The base simulation of the model can be found in IdealPopulation_Scaled.jl. All other files are based on the same code but contain small modifications, as explained in the header of each file, together with the parameters needed and outputs produced by the script. The parameters listed have to be defined for the script to run. An easy and flexible way to do so is creating a parameters.txt file (or modifying the provided parameters_example.txt) and running the following:

cat parameters.txt IdealPopulation_Scaled.jl > CurrentSim.jl
julia CurrentSim.jl

Overall, we find that, as expected, negative selection of antigenic mutations leads to an increased depletion of neoantigen-carrier cells compared to their non-immunogenic counterparts. Consequently, the proportion of cells carrying a particular antigenic mutation (in other words, the clone characterised by that mutation) declines over time, since the clone has a proliferation disadvantage compared to other, non-antigenic clones. The top panel of the figure above shows the average frequency (cancer cell fraction, CCF) of all mutations that first appeared at a population size of 2, 4, 8, etc (from dark to light lines). Neutral mutations (left) stay at the frequency they were introduced, whilst negatively selected antigenic mutations decline as the population grows.

As all antigenic mutations are subject to depletion, by the final time-point (highlighted with rectangles) a number of negative selection specific characteristics emerge:

• The tumour population overall is dominantly antigen-cold: most cells carrying very few and mostly negligible antigens. By random drift, some antigen hot populations can arise as well, where a strongly immunogenic clone became the founder of the population. These tumours can only reach detectable size at low to moderate selection strengths.

• There is a relative lack of neoantigens in the large subclonal regime (CCF above 1e-3), whilst neutral mutations remain evenly dispersed according to their time of appearence. This can be directly measured from the variant allele frequency (VAF) distribution of mutations, as shown in the bottom panel of the figure. The overall VAF distribution is governed by neutral mutations and hence follows the characteristic neutral 1/f cumulative distribution (see Williams et al., 2016). The neoantigen-only VAF distribution, on the other hand, shows a depletion in the subclonal regime, due to mutations declining to lower frequencies.

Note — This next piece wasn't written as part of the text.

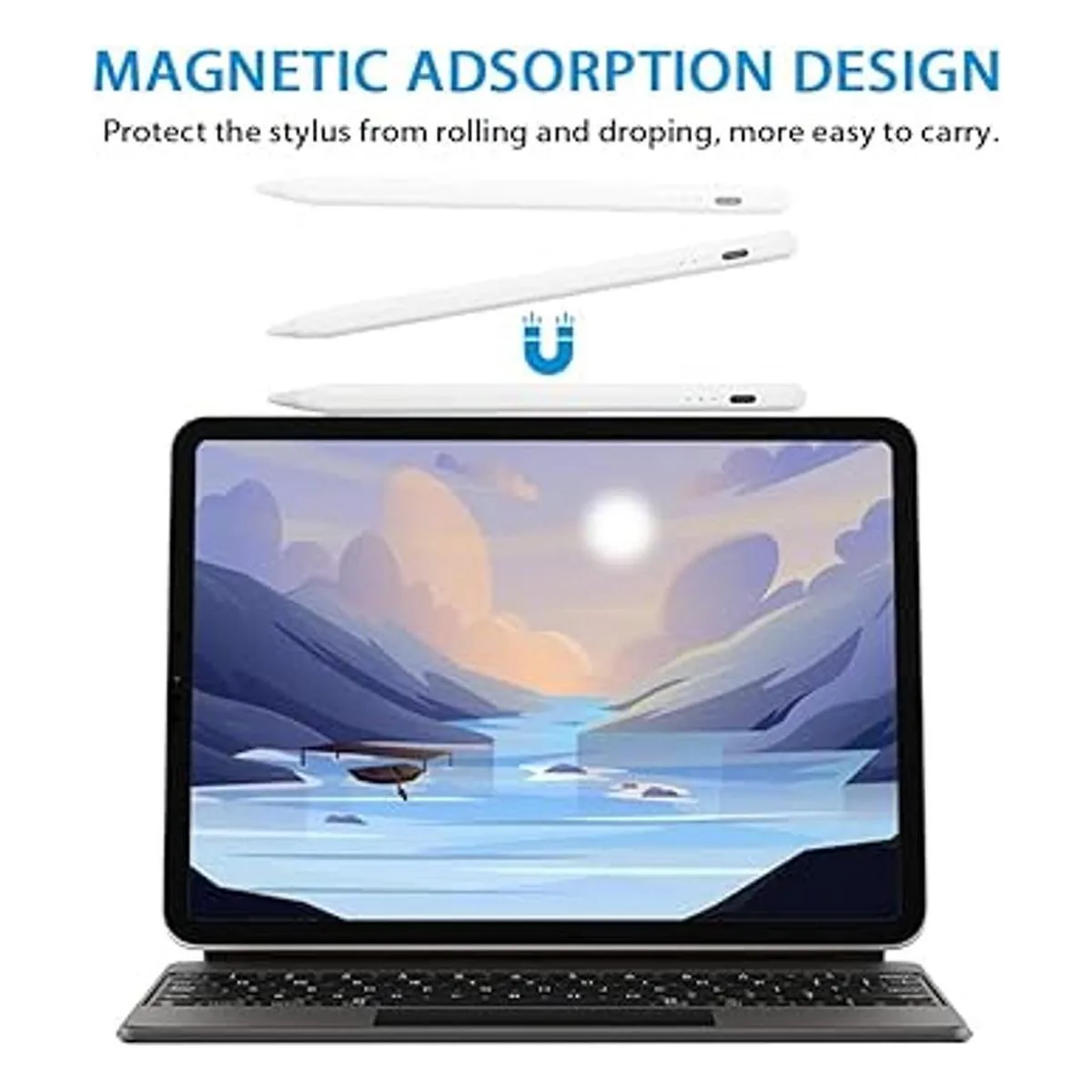 Rechazo de palma y absorción magnética: la tecnología de rechazo de palma proporciona una escritura natural con la pantalla táctil de la tableta, puedes descansar cómodamente tus manos en el iPad, sin necesidad de usar guantes. El diseño magnético protege el Apple Pen de rodar y caer, hace que el lápiz capacitivo activo sea más fácil de transportar y organizar.

• The number of antigenic mutations that can be detected in the population is very low (only 30 in the above figure) and most of them would require ultra-high depth sequencing to pick up (mutations at VAF 0.001 would need >1000x depth). However, one can detect this depletion and therefore negative selection, by comparing the proportional neoantigen burden (percentage of detected mutations that are antigenic) to an expected neutral value or another population.

In addition, we observe a strong selection for immune escape under moderate and high selection strength, which is especially apparent in hyper-mutated tumours that carry a higher mutation burden and are typically immune hot due to rapid accummulation of antigenic mutations. These tumours can only reach detectable size if by chance they acquire an immune escape mutation that subsequently returns them to neutral dynamics (upper left panel).

Therefore we expect most tumours to appear effectively neutrally evolved in their VAF distribution, due to (i) insufficient number of neoantigen mutations to detect selection; (ii) very weak selection; (iii) acquisition of immune escape.